I did not encounter a problem just looking at gene names in version 107 or when getting NCBI gene IDs from the new version 108.
Best regards,
Jamie.
library(biomaRt)
mart <- useEnsembl("ensembl", dataset = "hsapiens_gene_ensembl", version = 107)
query <- c("ENSG00000075624", "ENSG00000111640", "ENSG00000165704")
biomaRt.annotation <- getBM(attributes = c("ensembl_gene_id", "external_gene_name"),
filters = "ensembl_gene_id", values = query, mart = mart)
biomaRt.annotation
# ensembl_gene_id external_gene_name
# 1 ENSG00000075624 ACTB
# 2 ENSG00000111640 GAPDH
# 3 ENSG00000165704 HPRT1
biomaRt.annotation <- getBM(attributes = c("ensembl_gene_id", "external_gene_name", "entrezgene_id"),
filters = "ensembl_gene_id", values = query, mart = mart)
# Error in .processResults(postRes, mart = mart, hostURLsep = sep, fullXmlQuery = fullXmlQuery, :
# Query ERROR: caught BioMart::Exception::Database: Error during query execution: Table 'ensembl_mart_107.hsapiens_gene_ensembl__ox_entrezgene__dm' doesn't exist
mart <- useEnsembl("ensembl", dataset = "hsapiens_gene_ensembl")
biomaRt.annotation <- getBM(attributes = c("ensembl_gene_id", "external_gene_name", "entrezgene_id"),
filters = "ensembl_gene_id", values = query, mart = mart)
biomaRt.annotation
# ensembl_gene_id external_gene_name entrezgene_id
# 1 ENSG00000075624 ACTB 60
# 2 ENSG00000111640 GAPDH 2597
# 3 ENSG00000165704 HPRT1 3251
sessionInfo()
# R version 4.1.2 (2021-11-01)
# Platform: x86_64-apple-darwin17.0 (64-bit)

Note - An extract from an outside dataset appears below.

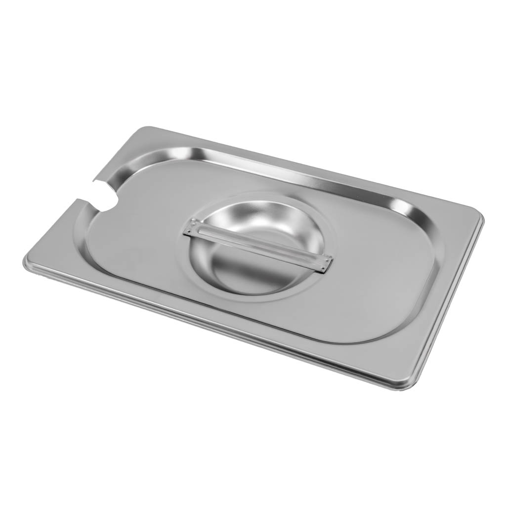 Pokrywka GN to niezbędny element wyposażenia każdej kuchni gastronomicznej, w której używa się pojemników GN. Pokrywka do GN 1/4 ze specjalnym, praktycznym wycięciem na chochlę została wykonana ze stali nierdzewnej najwyższej jakości, dzięki czemu charakteryzuje się wysoką odpornością i trwałością na potencjalnie szkodliwe warunki. Wycięcie umożliwia zamknięcie pojemnika GN bez wyciągania chochli.

# Running under: macOS Catalina 10.15.7
#
# Matrix products: default
# BLAS: /Library/Frameworks/R.framework/Versions/4.1/Resources/lib/libRblas.0.dylib
# LAPACK: /Library/Frameworks/R.framework/Versions/4.1/Resources/lib/libRlapack.dylib
#
# locale:
# [1] en_AU.UTF-8/en_AU.UTF-8/en_AU.UTF-8/C/en_AU.UTF-8/en_AU.UTF-8
#
# attached base packages:
# [1] stats graphics grDevices utils datasets methods base
#
# other attached packages:
# [1] biomaRt_2.50.1
#
# loaded via a namespace (and not attached):
# [1] KEGGREST_1.34.0 progress_1.2.2 tidyselect_1.1.1 purrr_0.3.4
# [5] vctrs_0.3.8 generics_0.1.1 stats4_4.1.2 BiocFileCache_2.2.0
# [9] utf8_1.2.2 blob_1.2.2 XML_3.99-0.8 rlang_0.4.12
# [13] pillar_1.6.4 glue_1.6.0 withr_2.4.3 DBI_1.1.1
# [17] rappdirs_0.3.3 BiocGenerics_0.40.0 bit64_4.0.5 dbplyr_2.1.1
# [21] GenomeInfoDbData_1.2.7 lifecycle_1.0.1 stringr_1.4.0 zlibbioc_1.40.0
# [25] Biostrings_2.62.0 memoise_2.0.1 Biobase_2.54.0 IRanges_2.28.0
# [29] fastmap_1.1.0 GenomeInfoDb_1.30.0 curl_4.3.2 AnnotationDbi_1.56.2
# [33] fansi_0.5.0 Rcpp_1.0.7 filelock_1.0.2 cachem_1.0.6
# [37] S4Vectors_0.32.3 XVector_0.34.0 bit_4.0.4 hms_1.1.1
# [41] png_0.1-7 digest_0.6.29 stringi_1.7.6 dplyr_1.0.7
# [45] tools_4.1.2 bitops_1.0-7 magrittr_2.0.1 RCurl_1.98-1.5
# [49] RSQLite_2.2.9 tibble_3.1.6 crayon_1.4.2 pkgconfig_2.0.3
# [53] ellipsis_0.3.2 xml2_1.3.3 prettyunits_1.1.1 assertthat_0.2.1
# [57] httr_1.4.2 R6_2.5.1 compiler_4.1.2
Thanks James. The same problem does indeed occur accessing the NCBI gene ID table using BioMart from the 107 archive website. However, currently the relevant table is actually accessible via FTP.
I have contacted the Ensembl help desk directly.